Высадка началась в 18:30 и продолжалась четыре с половиной часа. На пароходе было много больных, но советские представители отказались от носилок, и даже умирающим пришлось самим спускаться по трапу с вещами в руках. Несли только двоих: у одного была ампутирована правая нога и сломана левая, второй был без сознания. С пленным, покушавшимся на самоубийство, обращались очень грубо, рана его открылась, он истекал кровью. Его увели с корабля за пакгаузы в доках, затем раздался выстрел, но никто ничего не видел. Группу из 32 человек отвели в склад, в 50 ярдах от корабля, откуда минут через 15 последовала автоматная очередь. Еще через 20 минут из склада выехал в направлении города грузовик с крытым кузовом. Позже, когда поблизости никого не было, мне удалось заглянуть в склад, и я увидел на каменном полу темные пятна. Стены на высоте примерно пяти футов были испещрены дырками *338 .
Это были не единственные жертвы. Около 150 человек были отделены от прочих пленных и отведены за сараи на набережной. Там их расстреляли, причем среди палачей было, по рассказам, много подростков в возрасте 14-16 лет. Один узник ГУЛага вспоминал через несколько лет:
В конце войны карательная команда была укомплектована какими-то белобрысыми, низкорослыми, совсем юными и слабосильными птенцами... Ходили слухи, что это были дети чекистов, которым родители сумели заменить фронт безопасной работой палача *339 .

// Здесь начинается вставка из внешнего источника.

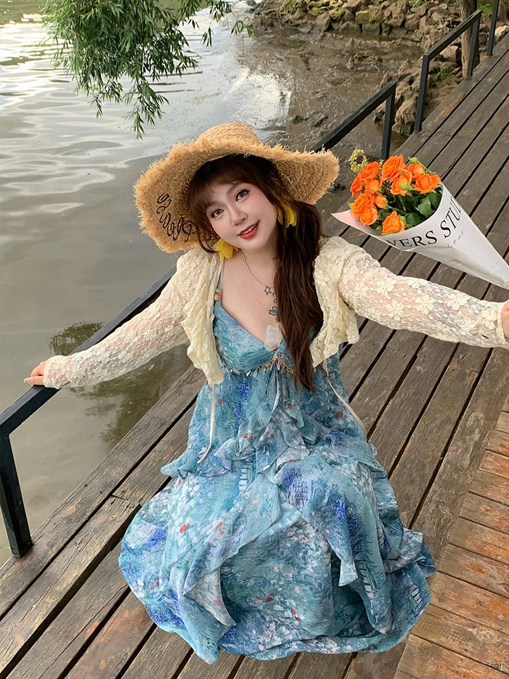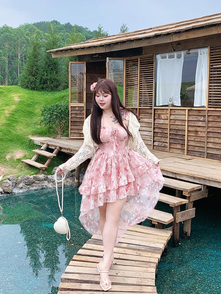 Plus Size Apricot Self-tie Straps Hollow-out Lace Top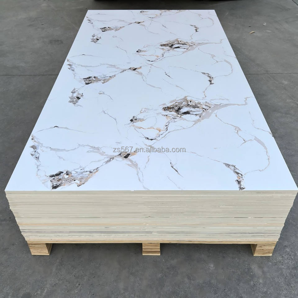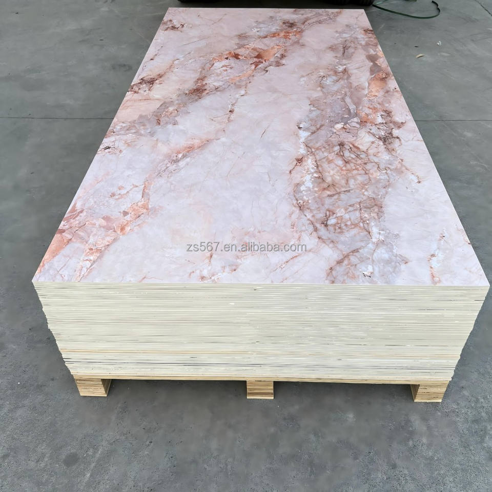 Plaque de marbre PVC 4x9 pieds 3mm en stock, vente en gros et au détail pour la décoration murale de bureaux, magasins, maisons et hôtels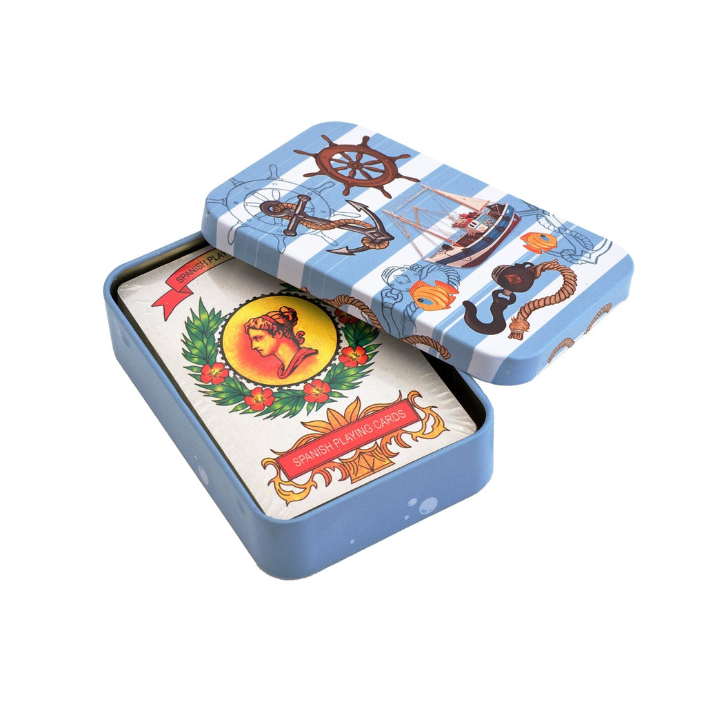 Baraja de cartas española de la colección Marineros de Javier con un diseño exclusivo en el reverso. Está conformada por 48 cartas españolas plastificadas para asegurar una mayor durabilidad y 2 cartas comodín.

Тед Хансон, стюард на "Гордости Империи", наблюдавший за высадкой пленных, записал рассказ старшины Уотсона из военной охраны. Старшина видел, как под руководством юных палачей тела расстрелянных грузили на телеги. Эта картина привела его в ужас. По причалу сновали детишки в лохмотьях лет трех-пяти, выпрашивавшие у английских моряков еду и одежду. Но стоило англичанам бросить им с корабля кое-что, как непонятно откуда вдруг взялся милиционер и начал гоняться за мальчишками. "Он поймал малыша лет трех, – рассказывает Тед Хансон, – ударил его кулаком по лицу и швырнул на землю".

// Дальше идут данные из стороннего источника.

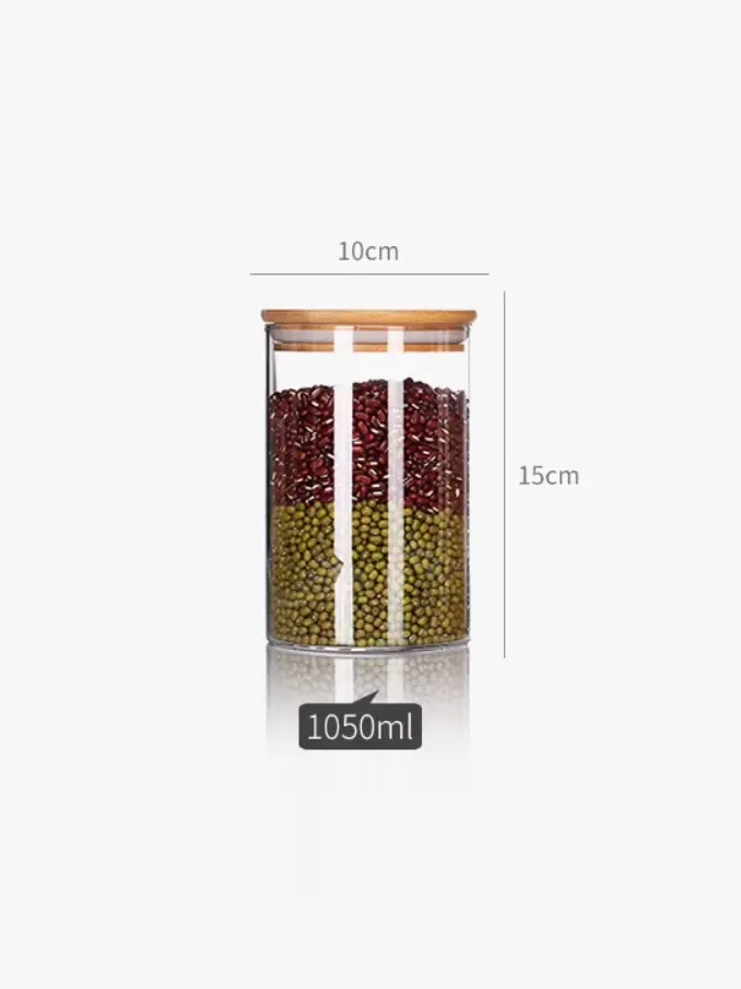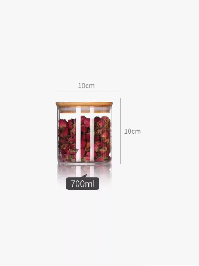 Transparent High Borosilicate Glass Storage tank Household Kitchen sealed Storage Jar sealed Bottle with Bamboo Lid Silicon Ring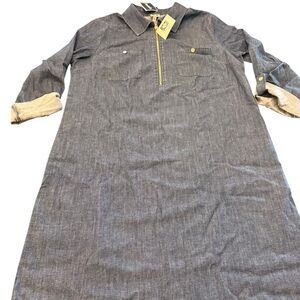 NEW Anne Klein Dark Denim Dress 3/4 Roll Tab Sleeves Zip Size 10 Shirt Midi $99
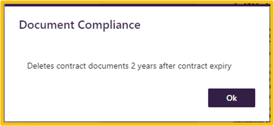A pop-up box will display with information about the compliance relevant to the document selected.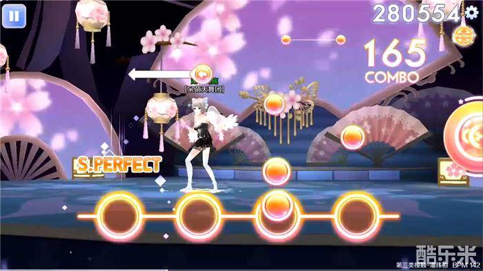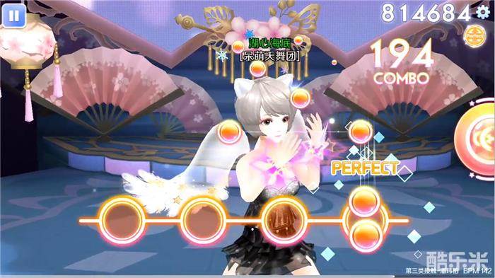 在歌曲快要结束时,我们会遇到一波快速下落的单点音符组合。在这段组合中,我们需要右手快速单击三次后双手同时完成一个并列音符。但是这还没有完,紧接着有是一道快速的阶梯状下落音符。在这段音符操作中,最重要的是要找准音符的“主线”。比如在一串连续的音符中,它的“主线”是一个斜向的阶梯单点音符组合,但是在操作的过程中还会遇到其他额外的单点或者并列单点的音符来打乱我们的操作节奏;这时,只要心中知道“主线”的路径,那么就不会因为额外的操作而手忙脚乱;整体音符落点“套路”,我们心中也就一清二楚了。
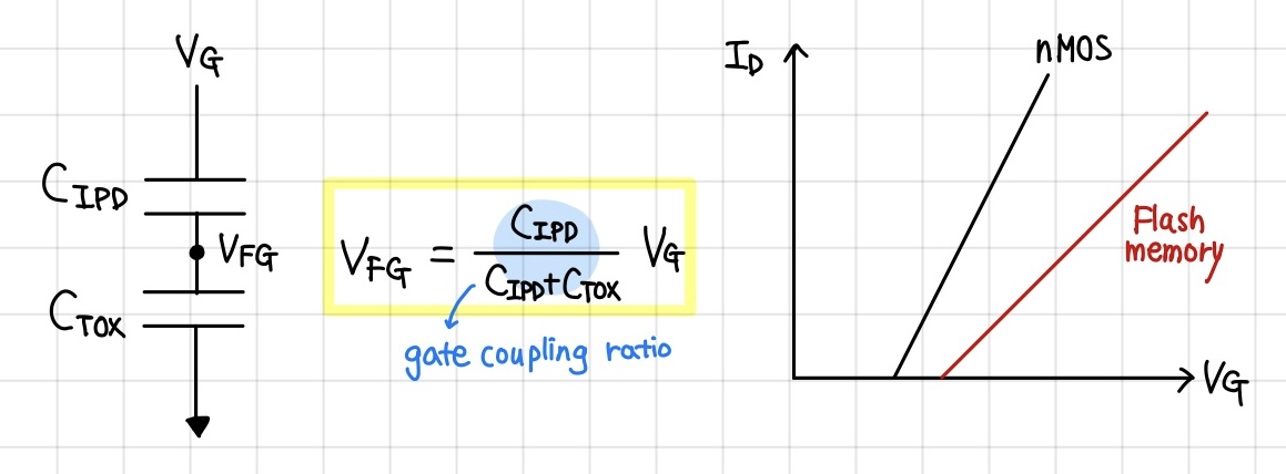 FG flash memory는 외부로부터 제어 게이트 전압인 VG가 인가될 때, 실제 트랜지스터 동작은 VFG (FG 전위)의 역할을 받습니다. VFG는 CIPD와 CTOX의 coupling capacitance에 의해 결정됩니다.

Может показаться странным, что советские власти не предприняли никаких усилий к тому, чтобы скрыть от сторонних глаз эти сцены. Ведь поначалу они это делали: например, в Мурманске в ноябре 1944 года. Репатриантов встретили там торжественно, с флагами и речами. Но с тех пор прошло несколько месяцев, английское правительство молчало, хотя вполне могло догадываться о том, что происходит; и советские власти решили, что настала пора действовать в открытую и расправляться со своими гражданами по своему усмотрению.

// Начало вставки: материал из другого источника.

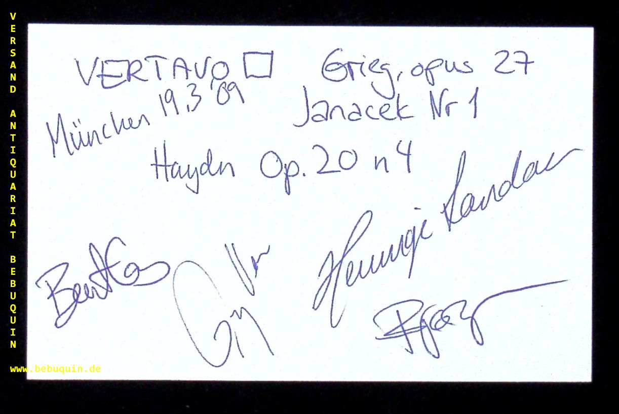 VERTAVO QUARTET.– VOLLE, Öyvor + CARDAS, Berit + LANDAAS, Henninge + LEWIS, Björg: eigenhändig von allen signierte und datierte Autogrammkarte. München (Herkulessaal), 19.3.1989. 8 x 12,5 cm. Karteikarte. Vertavo String Quartet is a Norwegian group founded in Hamar in 1984. (Wikipedia)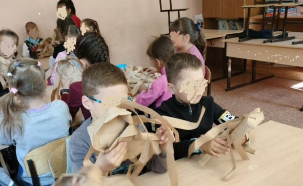 Урок с бумажными заплетёнками проходил в школе номер 10 города Кыштыма. Это был где-то 2 или 3 класс, деткам очень понравилось. Ждём от вас приглашения ещё на уроки. Мы готовы вам предоставить расходный материал. Можно заплетёнки!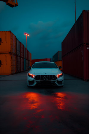 bus depot at night, with the lights of the buses illuminating the scene, created with generative ai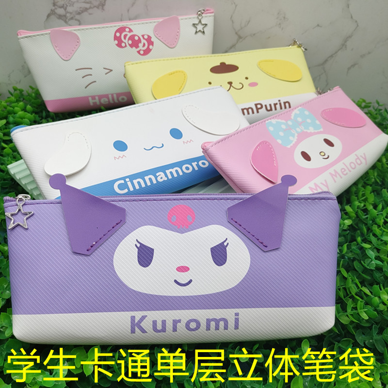 산리오 만화 싱글 레이어 연필 가방 두꺼운 3 차원 스타일링 문구 가방 어린이 귀여운 대용량 연필 가방 PU스토어 가기

Бригадир Файербрейс отправил полный отчет в МИД и в отдел по делам военнопленных, приложив к нему также рапорт Юматова. В беседе с автором этой книги он вспоминал об ужасе, который внушала ему возложенная на него задача; и действительно, этот ужас звучит в каждой его строке:
В рапорте А вы несомненно заметите, что на скорую расправу были обречены люди, преступление которых состояло не в том, что они служили в немецкой армии – как делали остальные 99%, но в том, что они либо отказывались вернуться в Советский Союз, либо пытались избежать насильственной репатриации, выдавая себя за солдат Польской армии. Из анализа списка людей, которые, я уверен, были расстреляны, следует, что из 33' человек 20 были русскими, отрицавшими советское гражданство и попытавшимися в Англии вступить в Польскую армию. Один был арестован на борту судна по неизвестной причине, прыгнул за борт в Дарданелльском проливе и покушался на свою жизнь, вскрыв бритвой вены. Шестеро – немцы Поволжья, выразившие нежелание возвращаться в СССР. Пятеро – русские, отказавшиеся вернуться и описывавшие в присутствии генерала Ратова Советский Союз в самом черном свете. Наконец, последний – это охранник, случайно снабдивший незадачливого самоубийцу бритвой. С него немедленно сорвали знаки различия, бросили в камеру и высадили вместе с прочими арестованными, так что он, скорее всего, разделил их судьбу. Следовательно, насколько мне известно, все те, кто отказывался вернуться в СССР, были расстреляны. Должен признать, что из этого рапорта я сделал вывод о необходимости самой тщательной проверки всех сомнительных случаев, и я могу лишь надеяться, что никто из занесенных в спорный список не будет отправлен в СССР, поскольку, отказавшись вернуться, они скорее всего разделят судьбу тех, о ком идет речь в рапорте. Следует помнить, что советские власти считают лиц со спорным гражданством своими подданными. Несколько человек из этого списка высказывались против Советского Союза в моем присутствии и в присутствии советских офицеров и приводили примеры жестокостей, совершавшихся Красной армией после раздела Польши в 1939 году. Эти люди, несомненно, будут расстреляны сразу же по прибытии в СССР.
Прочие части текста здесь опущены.